オイルランプを街灯に回す余裕は、辺境には無かった。
むしろ、街灯があるだけで恵まれている。酷い場合には、夜道を歩くために専門の人間――道先案内人を雇う必要さえあった。
それに対して人界の町である。明るいオイルランプに支えられ、不夜城と化している場合が多い。
所狭しと並んでいる建物のせいで、見上げる空も狭かったりする。
こういった町では、夜空を満足に眺めることすら難しい。
蝋燭の仄暗い灯りを頼りに、サラは家路を急いでいた。
「おや?」
正面から来る人の気配に、サラがサッと身構えた。治安のいい町ではあるが、不埒者がいないわけではない。

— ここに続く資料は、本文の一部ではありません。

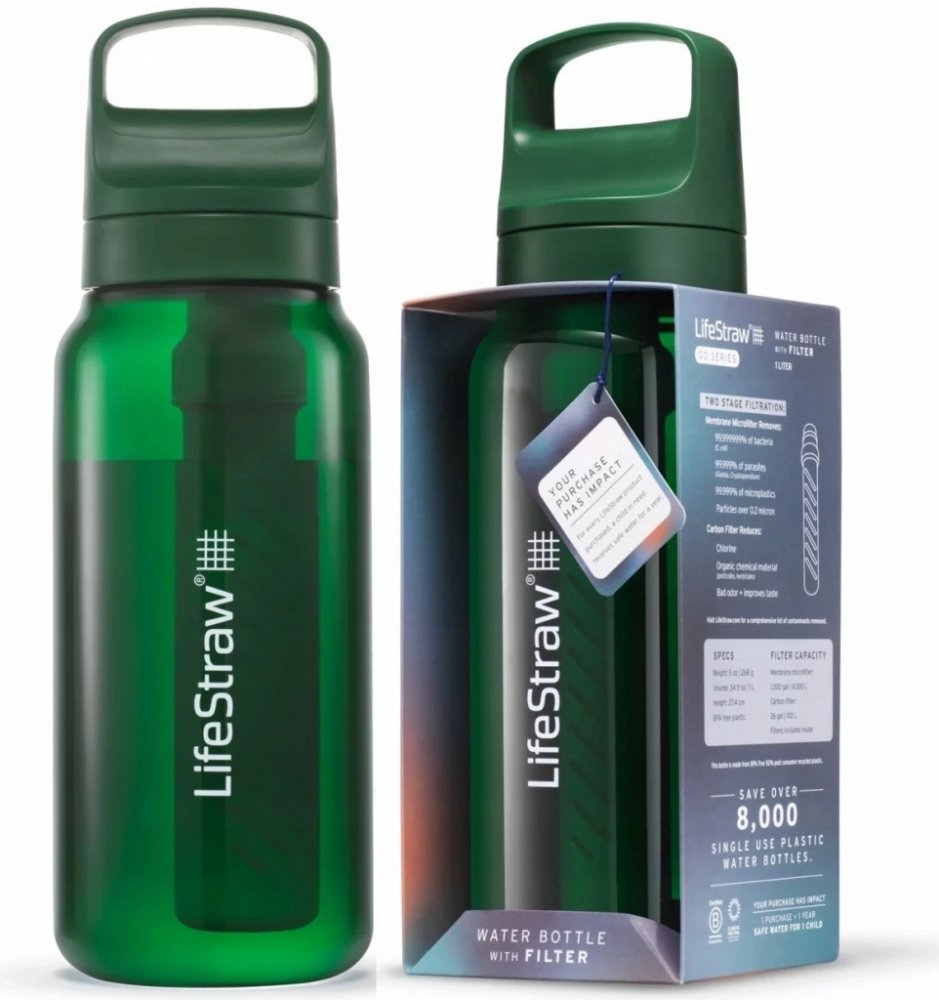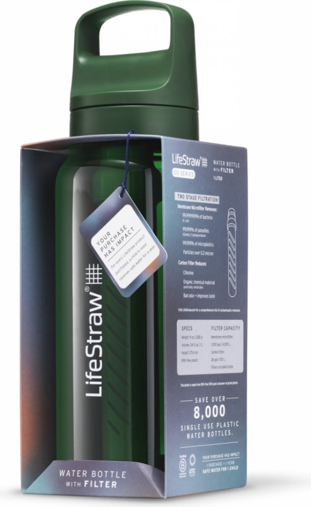 Vlastnosti:- Model, který se dokonale osvědčí při outdoorových aktivitách;- Využijete ji jak při trekingu a kempování, tak při bushcraftových výpravách;- Membránový mikrofiltr, který chrání před E.coli, salmonelou, parazity jako Giardia a Cryptosporidium, mikroplasty, pískem, nečistotami a zákalem;- Filtr snižuje obsah chlóru a nepříjemných pachů a zlepšuje chuť vody;- Membránový filtr umožňuje přefiltrovat přibližně 4 000 litrů vody;- Membránový filtr splňuje normu NSF 42 pro redukci chlóru a normy US EPA a NSF P231 pro pitnou vodu pro odstranění bakterií a parazitů;- Výrobky Lifestraw se mohou pochlubit certifikacemi B Corp a Climate Neutral;- Konstrukce neobsahuje BPA;- Láhev je vyrobena z tritanui;- Objem 1 litr;- Láhev lze po vyjmutí filtru mýt v myčce nádobí.

後ろ越しに回されたサラの片手には、刺突に向いた両刃の短剣――一本の短剣が握られている。
「ああ、お二方ですか……」
人影を見て、サラが緊張を解く。
果たして、現れたのは1組の老夫婦であった。
亭主が引く荷車には、夫人が座っている。
「おお、これはサラお嬢さま」
荷車を停めて、亭主が顔を上げた。
「あらあら、今日はまた随分遅いお帰りですね」
荷車を降りて、夫人が言った。
「〝お嬢様〟はやめて下さいよ。おや、今日の野菜は完売ですか?」
荷車を覗き込んで、サラが聞く。
この老夫婦、サラとは旧知の野菜売りであった。
「ええ……と言いたいところですが」
「ああ、なるほど。外からの流通が滞って品薄なのですね」
言葉を濁す亭主に、サラが受けたばかりの依頼を思い出した。
「流石はサラお嬢様です」
「ええ、ホントに。王都帰りのエリート様なだけはありなさる」
亭主と夫人が順番に言った。
「……お褒め頂き恐縮です」
「あ、そうそう」
サラが言うと、夫人が思い出したかのように切り出した。
「きっちり売り切れたのは、ジーンのお陰なのです。ろくに売り物にならない屑野菜ばかりで、申し訳なかったのですが、本当にあの子は人の事ばかり気にかけて……」
「そうですか、ジーンが……」
夫人に答えると、サラは2、3他愛もない会話をして、その場を後にした。